Hope is a Tattered Flag: Voices of Reason and Change for the Post-Bush Era
- Author: Markos Kounalakis and Peter Laufer (foreword by Will Durst)
- Subject: The Post-Bush Era
- Publisher: Polipoint Press
- Publication date: 1 June 2008
- Media type: Print (Hardcover, paperback)
- Pages: 299 pp
- ISBN: 978-0-97948-225-0
- OCLC: 212627092
- Dewey Decimal: 973.93
- LC Class: E902 .K685 2008

= Hope Is a Tattered Flag =

Hope is a Tattered Flag: Voices of Reason and Change for the Post-Bush Era is a 2008 book by Markos Kounalakis and Peter Laufer, with a foreword by Will Durst. The book follows the answers Kounalakis and Laufer get when asking people where they go from here, now that George W. Bush has left office as the President of the United States. The foreword by Will Durst talks about his opinion of the Post-Bush Era.

== Overview ==
In a foreword by Will Durst, Durst discusses his opinion of the situation. Durst says that despite the fact he is glad to see George W. Bush leave office, he will miss the political cartoons and humorous commentary about what he calls "Mr. Bush's Reign of Error".

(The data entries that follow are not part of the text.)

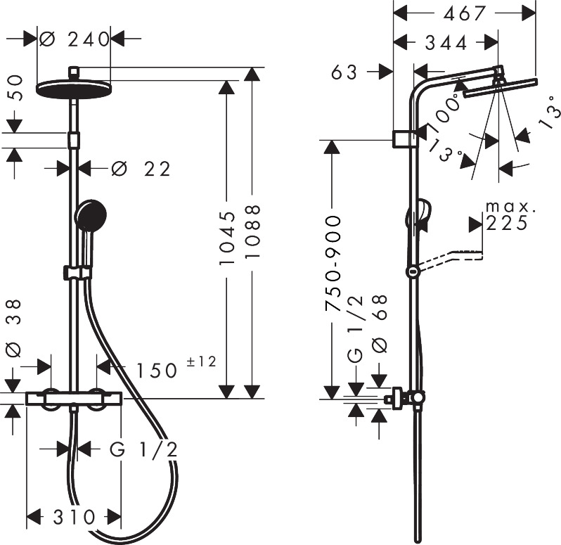 • duscharmslängd huvuddusch: 344 mm
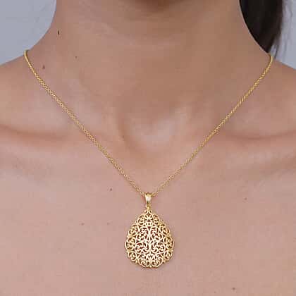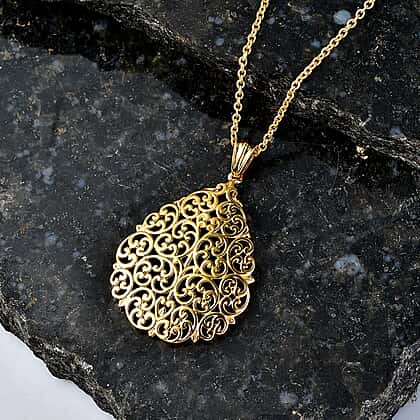 Elevate your everyday style with this intricately designed pendant and chain, crafted to reflect timeless elegance and delicate artistry. The teardrop silhouette is adorned with fine filigree detailing, creating an openwork pattern that captures light with a soft, graceful shimmer. Its design feels both classic and expressive, offering a refined look that stands out without overwhelming. Finished in a radiant yellow gold tone, the pendant brings warmth and luminosity, enhancing its detailed craftsmanship while remaining effortlessly wearable. Light and comfortable, it rests beautifully along the neckline, adding a subtle yet sophisticated touch to any outfit. It is a reflection of elegance, detail, and effortless charm.
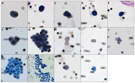 Photomicrographs of CTCs isolated from LARC patients, stained with anti-PD-L1 (A), anti-RAD-23B (B), anti-TGF-βRI (C) and anti-TYMS (D). In (E), a CTC with hematoxylin, without any antibody staining. Following, in boxes (F–H), positive controls (cell lineages, that accordingly to Protein Atlas (https://www.proteinatlas.org/ accessed on 13 December 2016) express the studied antibodies, spiked in healthy individual blood). In (F), FADU lineage, expressing PD-L1. In box (G), HCT-8 cells expressing RAD23B. In (H), A549 cells with TGF-βRI staining; in (I,J), leucocytes staining for TYMS and CD45, respectively. In boxes (K,M,N), negative controls (cell lineages, that accordingly to Protein Atlas (https://www.proteinatlas.org/ accessed on 13 December 2016) do not express or express very low levels of the studied antibodies, spiked in healthy individual blood). In (K), PC3 lineage without any expression of PD-L1. In (M), MCF7 without TGF-βRI staining and in (N), U87MG without TYMS expression. In (L), leucocytes from healthy individuals without RAD23B staining. For negative control of CD45, we used A549 lineage.
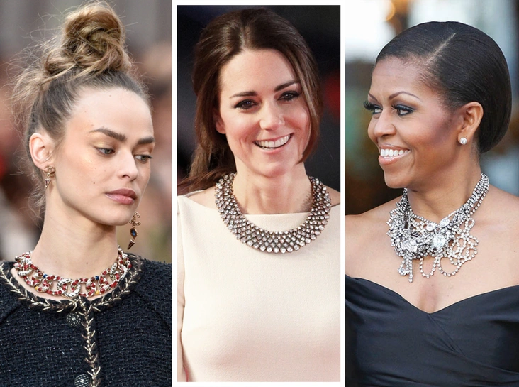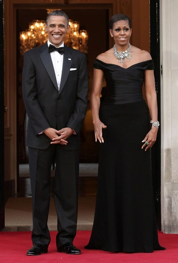 В современной истории подобный реверанс в сторону менее дорогостоящей бижутерии делала и Мишель Обама. Во время торжественного приема в резиденции американского посла в Лондоне супруга тогда еще президента США Барака Обама надела черное платье в пол от Ralph Lauren и дополнила массивным колье Tom Binns, которое на деле оказалось бижутерией (читайте также: От Жаклин Кеннеди до Мишель Обамы: 6 Первых леди США ирландского происхождения).
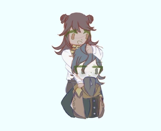 Funky lil lesbians. (I also HC Nico as trans MtF but she’s also a lesbian). Marin is a ray of sunshine constantly making sure Nico doesn’t hate herself. Nico gets easily flustered by Marin’s sweet comments. ##DanganronpaRebirth #DRRB #NicoHimuro #MarinMizuta

The rest of the book is a collection of interviews by Kounalakis and Laufer about what will become of the United States in the fields of changes, war, the military, oil, business, economics, the environment, immigration, ethics, news media, church, state, culture, and men and women after the terms of George W. Bush as President of the United States.

== Critical reception ==
Publishers Weekly said that Hope is a Tattered Flag was "unabashadly liberal", though it achieves its goal, which is "to offer ""satisfying and rich conversation"" that illuminates and unites."